* _Problem details_: The whole listing needs retyping exactly; keep the pictures out of it.

* _Data_:
+-------+

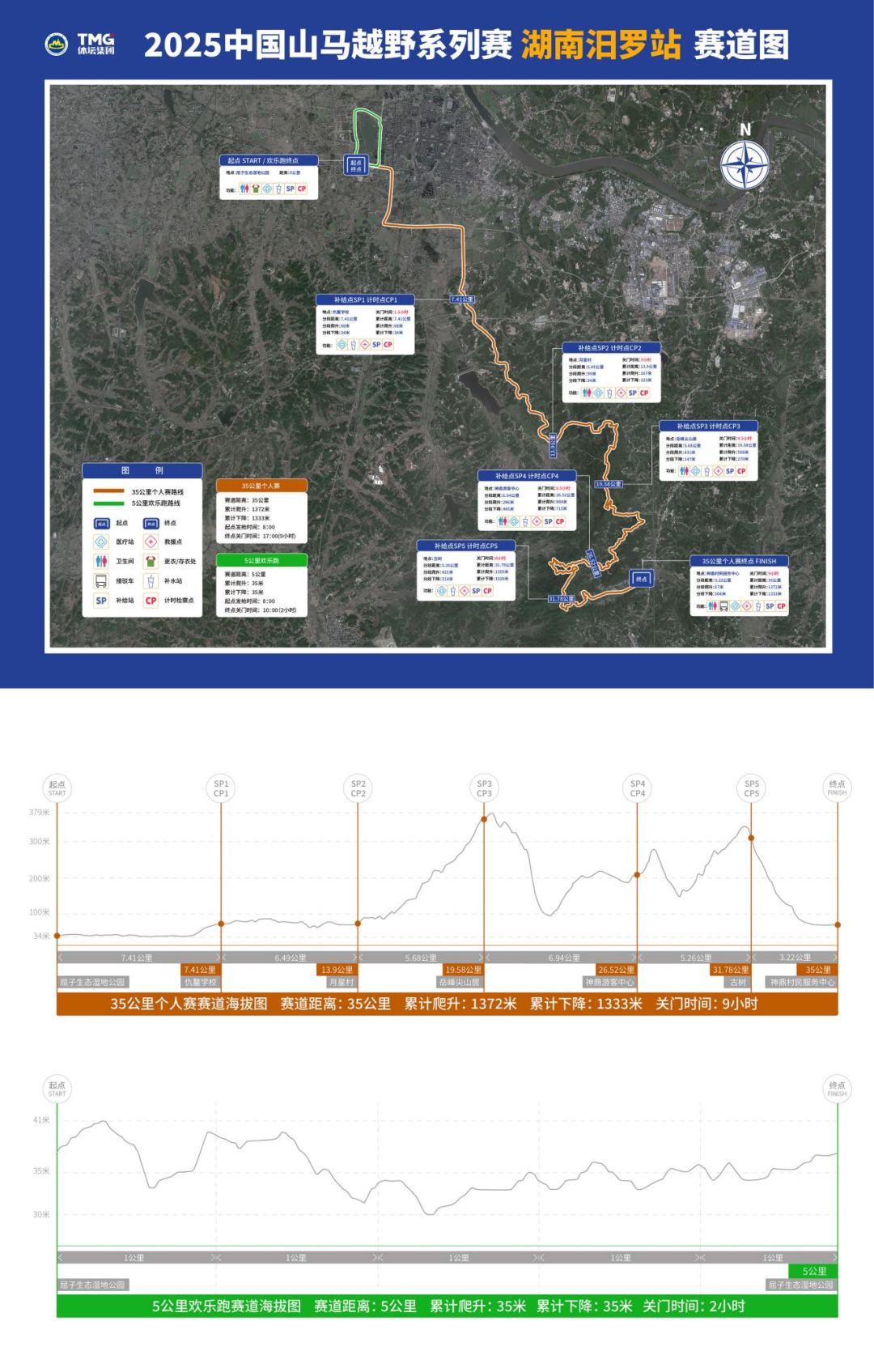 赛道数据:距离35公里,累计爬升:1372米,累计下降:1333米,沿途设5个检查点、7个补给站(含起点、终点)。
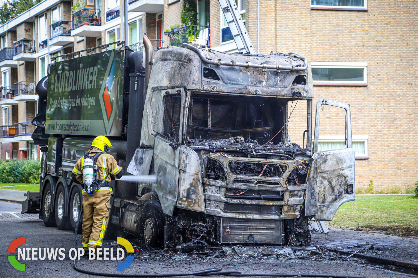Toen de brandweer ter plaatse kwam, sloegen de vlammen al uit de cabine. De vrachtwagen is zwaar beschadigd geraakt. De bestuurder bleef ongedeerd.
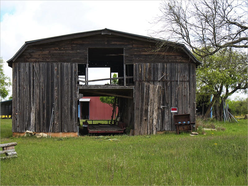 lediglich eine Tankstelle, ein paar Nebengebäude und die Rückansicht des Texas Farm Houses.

+-------+

* _Output_:
 赛道数据:距离35公里,累计爬升:1372米,累计下降:1333米,沿途设5个检查点、7个补给站(含起点、终点)。
Toen de brandweer ter plaatse kwam, sloegen de vlammen al uit de cabine. De vrachtwagen is zwaar beschadigd geraakt. De bestuurder bleef ongedeerd.
 lediglich eine Tankstelle, ein paar Nebengebäude und die Rückansicht des Texas Farm Houses.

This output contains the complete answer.